When I was teaching gardening to elementary students our mantra was “Eat a Rainbow.”
So we planted and happily harvested purple carrots, orange tomatoes, red radishes and yellow melons.
Eating a rainbow is something all of us should do every day. Eating a colorful diet guarantees that we are getting a wide range of vitamins, minerals and nutrients.
So as you go about planning your garden this year, consider growing your produce for its nutritional impact. Gary Heilig of Michigan State University Extension said that gardeners might be pleasantly surprised at the nutritional value of a homegrown veggie.
After comparing 50 vegetables, the highest level of vitamin E is found in rhubarb. For vitamin K the winner is kale, he said.

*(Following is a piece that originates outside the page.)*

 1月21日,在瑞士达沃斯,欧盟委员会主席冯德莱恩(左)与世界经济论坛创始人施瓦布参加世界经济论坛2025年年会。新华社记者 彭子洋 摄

Kale is considered a superfood because it also contains the highest concentration of nutrients and vitamins such as A, C, K, B6 and calcium of any leafy green vegetable, said Kirsten Gerbatsch, Michigan Land Use Institute’s FoodCorps Service Member garden coordinator. “Kale is also a dynamic garden green — it grows in a wide range of climates and can even survive severe frost,” she added.

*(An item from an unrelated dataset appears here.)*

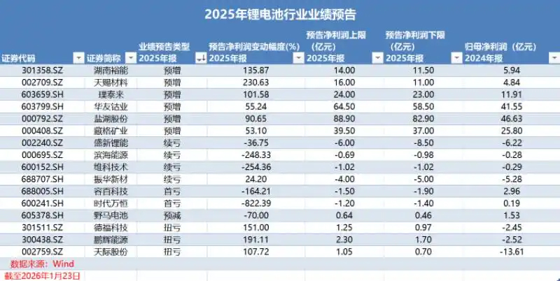 據(jù)《華夏時報》記者統(tǒng)計,截至2026年1月23日股市收盤,鋰電池行業(yè)已有16家上市公司披露2025年業(yè)績預(yù)告。這16家公司的主營業(yè)務(wù)幾乎覆蓋了整個產(chǎn)業(yè)鏈。2025年,這16家公司的合計凈利潤至少為208.93億元,最多為237.73億元,遠(yuǎn)高于2024年的110.7億元。暖風(fēng)已至,行業(yè)似乎走出過往陰霾。其中,天際股份(002759.SZ)因第四季度盈利大增而一舉扭虧,1月22日,其董秘辦工作人員告訴記者,“去年下半年,儲能需求增長導(dǎo)致供應(yīng)端出現(xiàn)缺口,產(chǎn)品價格上漲。不過,上行周期能持續(xù)多久還是取決于需求端?!?/span>

For the best source of folate, sow some Edamame soybeans. And Popeye was right, spinach does make you stronger.
“While not quite as hardy as kale, spinach thrives in cooler temperatures and is a great choice for the spring garden. It is high in Vitamins A, C, K and folate, and a great source of iron,” said Gerbatsch.
Greens are one of the best sources for calcium and magnesium.
Want some vitamin C? A cup of fresh red bell peppers provides more vitamin C than a glass of orange juice. Broccoli also ranks high in vitamin C.
Radishes, an easy to grow veggie, are another surprising source of vitamin C. One cup of raw radishes provides 28 percent of one’s daily vitamin C.